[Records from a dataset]
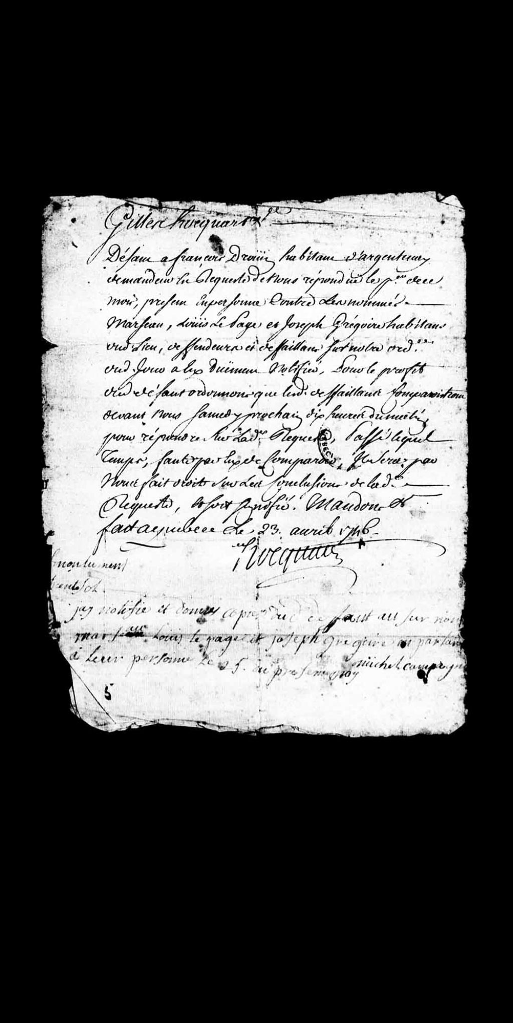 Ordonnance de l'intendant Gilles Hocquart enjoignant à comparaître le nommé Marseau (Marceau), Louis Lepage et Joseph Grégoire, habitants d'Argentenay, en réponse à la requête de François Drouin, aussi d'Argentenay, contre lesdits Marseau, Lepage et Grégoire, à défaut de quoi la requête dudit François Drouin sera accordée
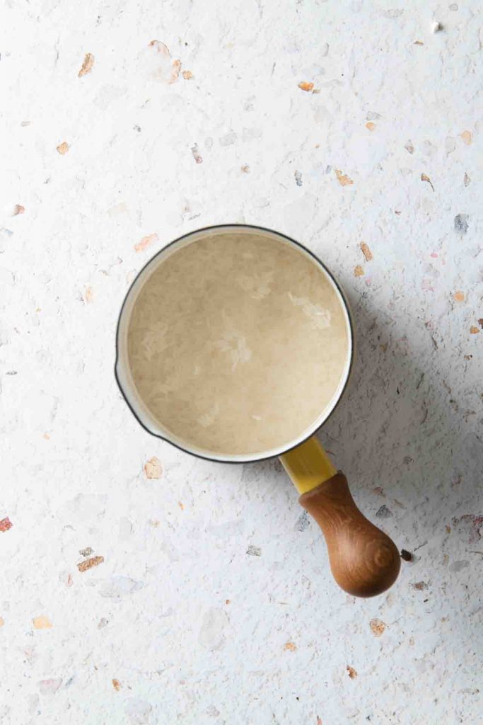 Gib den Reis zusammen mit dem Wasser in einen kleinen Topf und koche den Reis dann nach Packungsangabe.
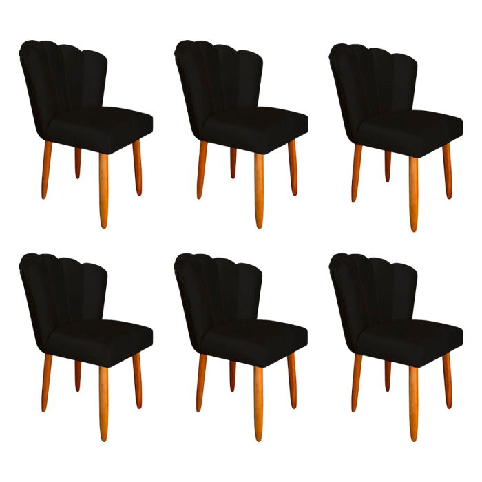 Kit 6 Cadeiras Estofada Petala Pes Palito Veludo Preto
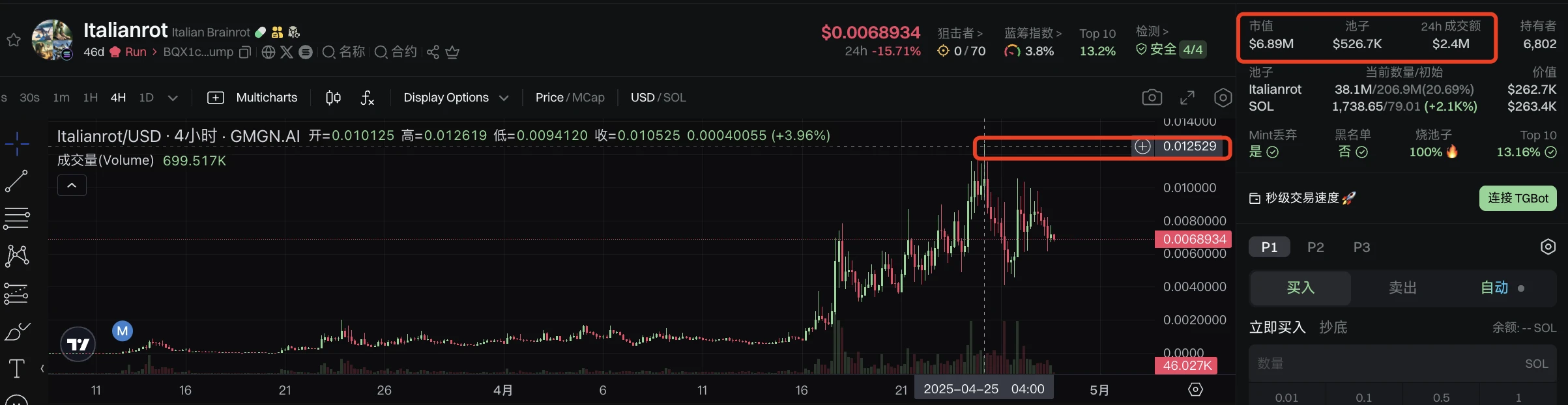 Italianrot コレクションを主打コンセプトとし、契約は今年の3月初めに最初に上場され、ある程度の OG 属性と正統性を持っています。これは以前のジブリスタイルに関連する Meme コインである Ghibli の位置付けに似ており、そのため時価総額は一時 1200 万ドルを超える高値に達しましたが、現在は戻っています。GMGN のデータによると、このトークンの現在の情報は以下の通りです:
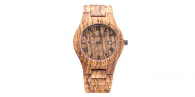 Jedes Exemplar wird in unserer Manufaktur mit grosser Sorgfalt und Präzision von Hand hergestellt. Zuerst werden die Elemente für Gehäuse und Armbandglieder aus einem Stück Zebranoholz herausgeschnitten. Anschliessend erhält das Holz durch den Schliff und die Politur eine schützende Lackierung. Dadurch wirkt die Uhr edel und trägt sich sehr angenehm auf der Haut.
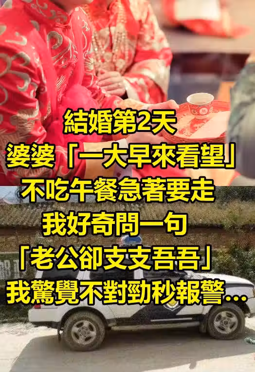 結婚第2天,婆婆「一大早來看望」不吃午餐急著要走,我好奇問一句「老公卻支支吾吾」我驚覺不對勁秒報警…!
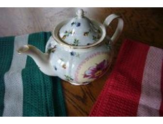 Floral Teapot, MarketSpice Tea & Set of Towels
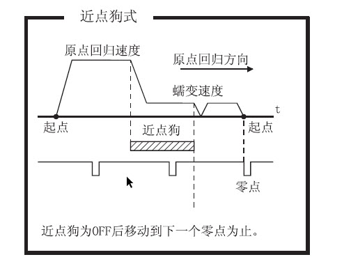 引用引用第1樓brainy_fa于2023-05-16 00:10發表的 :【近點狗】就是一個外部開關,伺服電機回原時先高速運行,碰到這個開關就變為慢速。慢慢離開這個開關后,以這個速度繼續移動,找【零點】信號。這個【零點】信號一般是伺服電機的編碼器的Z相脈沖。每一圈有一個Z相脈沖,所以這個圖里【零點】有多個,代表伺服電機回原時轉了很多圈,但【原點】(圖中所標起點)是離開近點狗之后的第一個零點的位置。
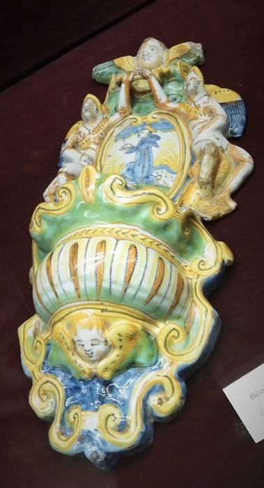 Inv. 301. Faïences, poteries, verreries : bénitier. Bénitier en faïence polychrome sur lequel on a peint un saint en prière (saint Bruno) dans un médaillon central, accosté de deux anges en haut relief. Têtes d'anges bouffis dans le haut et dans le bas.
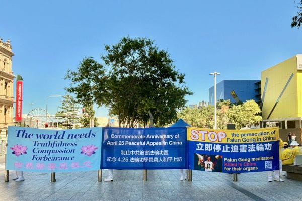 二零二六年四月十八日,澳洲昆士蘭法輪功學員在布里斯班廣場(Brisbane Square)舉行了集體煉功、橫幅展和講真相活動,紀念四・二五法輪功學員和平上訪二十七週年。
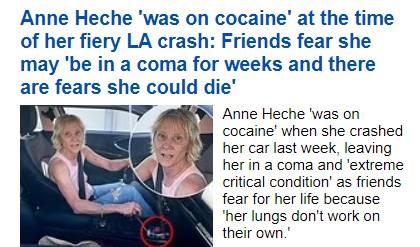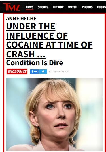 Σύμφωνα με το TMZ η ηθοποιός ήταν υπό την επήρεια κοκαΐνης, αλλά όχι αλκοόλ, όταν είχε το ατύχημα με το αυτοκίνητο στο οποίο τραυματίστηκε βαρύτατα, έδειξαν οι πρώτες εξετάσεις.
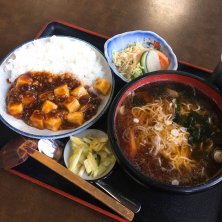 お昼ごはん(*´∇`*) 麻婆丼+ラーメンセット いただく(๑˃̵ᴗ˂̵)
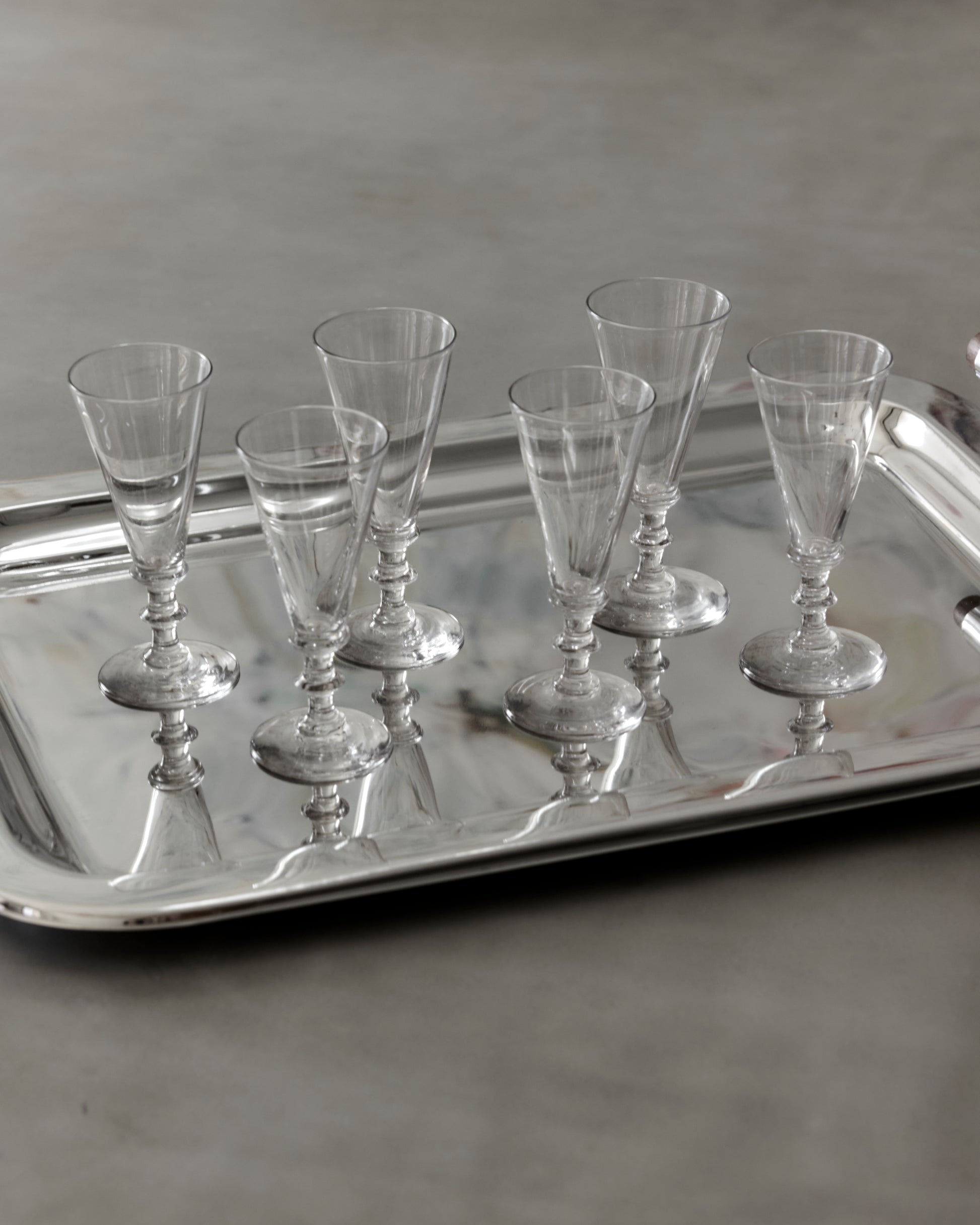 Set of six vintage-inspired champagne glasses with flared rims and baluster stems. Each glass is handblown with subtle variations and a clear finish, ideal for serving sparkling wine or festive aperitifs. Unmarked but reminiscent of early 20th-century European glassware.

→ **EXERCISE INSTRUCTIONS**: Beginning with the line that contains "Gib den Reis", write out every line through the last one in the records, exactly and without pictures.

→ **SOLUTION TO THIS PROBLEM**:
 Gib den Reis zusammen mit dem Wasser in einen kleinen Topf und koche den Reis dann nach Packungsangabe.
 Kit 6 Cadeiras Estofada Petala Pes Palito Veludo Preto
 Italianrot コレクションを主打コンセプトとし、契約は今年の3月初めに最初に上場され、ある程度の OG 属性と正統性を持っています。これは以前のジブリスタイルに関連する Meme コインである Ghibli の位置付けに似ており、そのため時価総額は一時 1200 万ドルを超える高値に達しましたが、現在は戻っています。GMGN のデータによると、このトークンの現在の情報は以下の通りです:
 Jedes Exemplar wird in unserer Manufaktur mit grosser Sorgfalt und Präzision von Hand hergestellt. Zuerst werden die Elemente für Gehäuse und Armbandglieder aus einem Stück Zebranoholz herausgeschnitten. Anschliessend erhält das Holz durch den Schliff und die Politur eine schützende Lackierung. Dadurch wirkt die Uhr edel und trägt sich sehr angenehm auf der Haut.
 結婚第2天,婆婆「一大早來看望」不吃午餐急著要走,我好奇問一句「老公卻支支吾吾」我驚覺不對勁秒報警…!
 Floral Teapot, MarketSpice Tea & Set of Towels
 引用引用第1樓brainy_fa于2023-05-16 00:10發表的 :【近點狗】就是一個外部開關,伺服電機回原時先高速運行,碰到這個開關就變為慢速。慢慢離開這個開關后,以這個速度繼續移動,找【零點】信號。這個【零點】信號一般是伺服電機的編碼器的Z相脈沖。每一圈有一個Z相脈沖,所以這個圖里【零點】有多個,代表伺服電機回原時轉了很多圈,但【原點】(圖中所標起點)是離開近點狗之后的第一個零點的位置。
 Inv. 301. Faïences, poteries, verreries : bénitier. Bénitier en faïence polychrome sur lequel on a peint un saint en prière (saint Bruno) dans un médaillon central, accosté de deux anges en haut relief. Têtes d'anges bouffis dans le haut et dans le bas.
 二零二六年四月十八日,澳洲昆士蘭法輪功學員在布里斯班廣場(Brisbane Square)舉行了集體煉功、橫幅展和講真相活動,紀念四・二五法輪功學員和平上訪二十七週年。
 Σύμφωνα με το TMZ η ηθοποιός ήταν υπό την επήρεια κοκαΐνης, αλλά όχι αλκοόλ, όταν είχε το ατύχημα με το αυτοκίνητο στο οποίο τραυματίστηκε βαρύτατα, έδειξαν οι πρώτες εξετάσεις.
 お昼ごはん(*´∇`*) 麻婆丼+ラーメンセット いただく(๑˃̵ᴗ˂̵)
 Set of six vintage-inspired champagne glasses with flared rims and baluster stems. Each glass is handblown with subtle variations and a clear finish, ideal for serving sparkling wine or festive aperitifs. Unmarked but reminiscent of early 20th-century European glassware.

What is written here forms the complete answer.